◆ **Information given**
↓↓↓
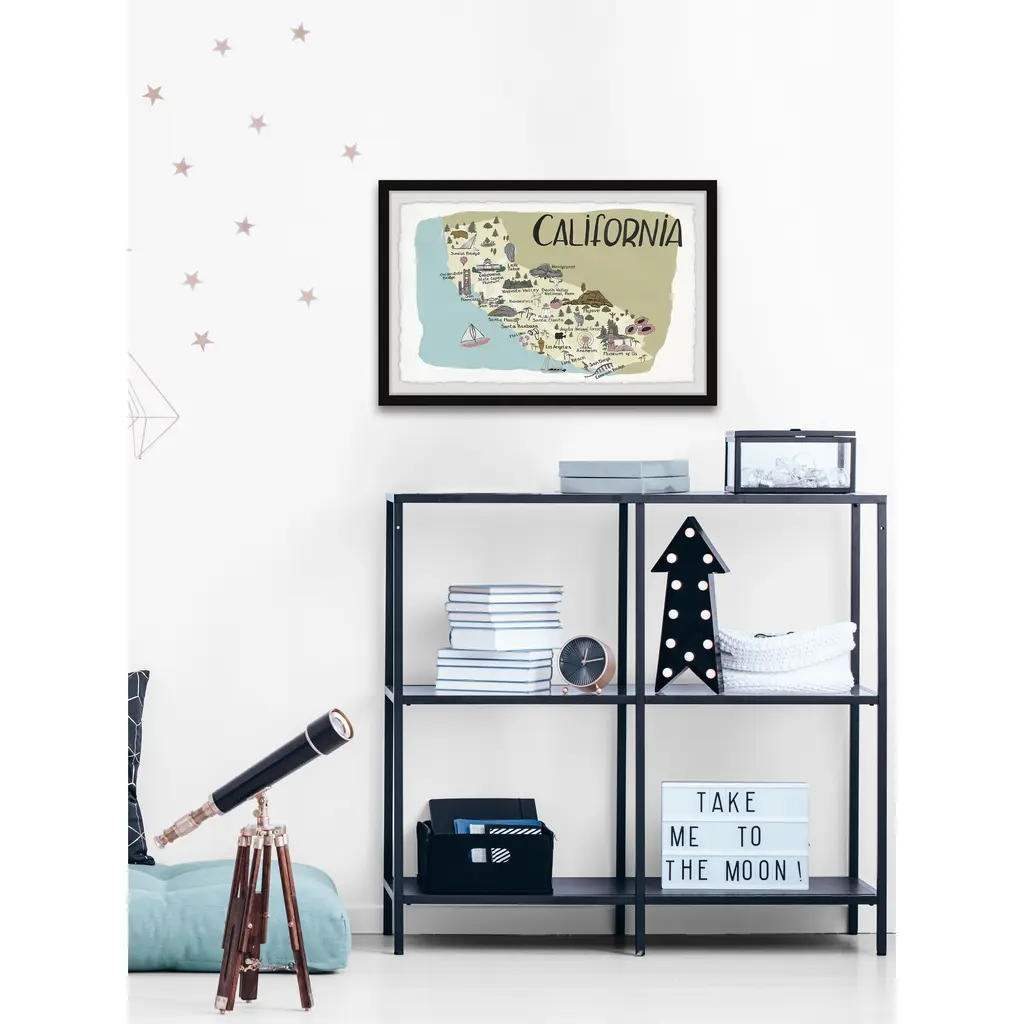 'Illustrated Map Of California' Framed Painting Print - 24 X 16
↑↑↑
↓↓↓
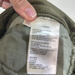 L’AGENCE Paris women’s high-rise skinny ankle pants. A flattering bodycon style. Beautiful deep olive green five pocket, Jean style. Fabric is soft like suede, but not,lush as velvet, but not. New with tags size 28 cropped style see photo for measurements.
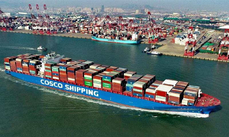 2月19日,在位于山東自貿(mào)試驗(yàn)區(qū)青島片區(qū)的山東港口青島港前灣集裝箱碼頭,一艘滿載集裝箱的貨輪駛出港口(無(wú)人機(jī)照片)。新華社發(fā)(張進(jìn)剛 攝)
↑↑↑
◆ **Activity**
Everything between and including the line above containing "L’AGENCE Paris women’s" and the line containing "2月19日,在位于山東自貿(mào)試驗" should be reproduced exactly, with pictures excluded.

◆ **Solution for this task**
 L’AGENCE Paris women’s high-rise skinny ankle pants. A flattering bodycon style. Beautiful deep olive green five pocket, Jean style. Fabric is soft like suede, but not,lush as velvet, but not. New with tags size 28 cropped style see photo for measurements.
 2月19日,在位于山東自貿(mào)試驗(yàn)區(qū)青島片區(qū)的山東港口青島港前灣集裝箱碼頭,一艘滿載集裝箱的貨輪駛出港口(無(wú)人機(jī)照片)。新華社發(fā)(張進(jìn)剛 攝)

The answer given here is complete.